His father, he claimed, had “turned a blind eye, intentionally and repeatedly, ignoring her health, safety, personal and household needs, while enriching himself with millions of dollars”. Brooke Astor had been kept a virtual prisoner in her “dirty and dilapidated” Manhattan apartment, cut off from friends, servants and her beloved dachshunds and “forced to sleep in the TV room in torn nightgowns on a filthy couch that smells, probably from dog urine” as her bedroom was so cold.
Marshall grudgingly agreed to cede guardianship to Annette de la Renta and he and Charlene, while admitting no wrongdoing, returned $11 million worth of cash, jewellery and art.
But by then the Manhattan district attorney was looking into allegations that Brooke Astor’s signature on the third codicil to her will had been forged.
Brooke Astor died in August 2007 aged 105. Three months later Anthony Marshall and Francis Morrissey were formally arraigned to face a total of 18 indictments in the New York Supreme Court.
The trial, which opened in March 2009, kept New York agog as a parade of America’s great and good, along with Marshall’s two sons and former servants of Brooke Astor, trooped into the witness box to testify for the prosecution.
Charlene was never charged, but found herself portrayed by prosecutors and the press as a social-climbing gold-digger who had persuaded her husband to take advantage of his elderly parent. “Anthony Marshall’s preoccupation with getting money for Charlene was a motivation for the scheme to defraud,” the court was told.
In October 2009 the jury convicted Marshall on 14 of 16 counts, including first-degree grand larceny, and in December he was sentenced to one to three years in prison. He began serving his sentence in June 2013, but was granted parole two months later because of his deteriorating health.
Charlene cut a demure, sometimes tearful, figure in court, looking the part, as one onlooker put it, “of the minister’s wife of 21 years she had been in 1989 when she ran off with Tony”. Resolute that neither she nor her husband had done anything wrong, she was deeply upset by her monstering in the press. “What did I do wrong? she asked The New York Observer. “What part have I played in this? What’s in me that has caused this reaction from others?”
Following her husband’s conviction, the couple lived a low-profile life.
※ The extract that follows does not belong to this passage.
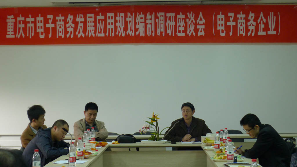 2013年3月14日下午2:30,重庆市电子商务发展应用规划编制调研座谈会于启智楼406多媒体会议室顺利举行。本次座谈会参会者包括重庆市电子商务协会会长姚章、重庆市商委王处长、电子商务及供应链系统重庆市重点实验室副主任黄辉、猪八戒网创始人刘川郁、每日鲜负责人等8个重庆知名电商企业代表。

Charlene, who had been a lay minister at St James’s church on Madison Avenue, had to cut back on her involvement to care for him.
When he died in 2014, 15 months after his release, he left the entirety of his estimated $14.5 million estate to Charlene and her three children, cutting his two sons out completely.
Charlene Detwiler Tyler was born on July 28 1945 in Charleston, South Carolina. Her father was an insurance actuary. She married Paul Gilbert, an Episcopalian minister, in 1968. They had three children and eventually settled on Mount Desert Island, Maine, where he joined the clergy at St Mary’s-by-the Sea church, Northeast Harbor.
Charlene Marshall’s children survive her.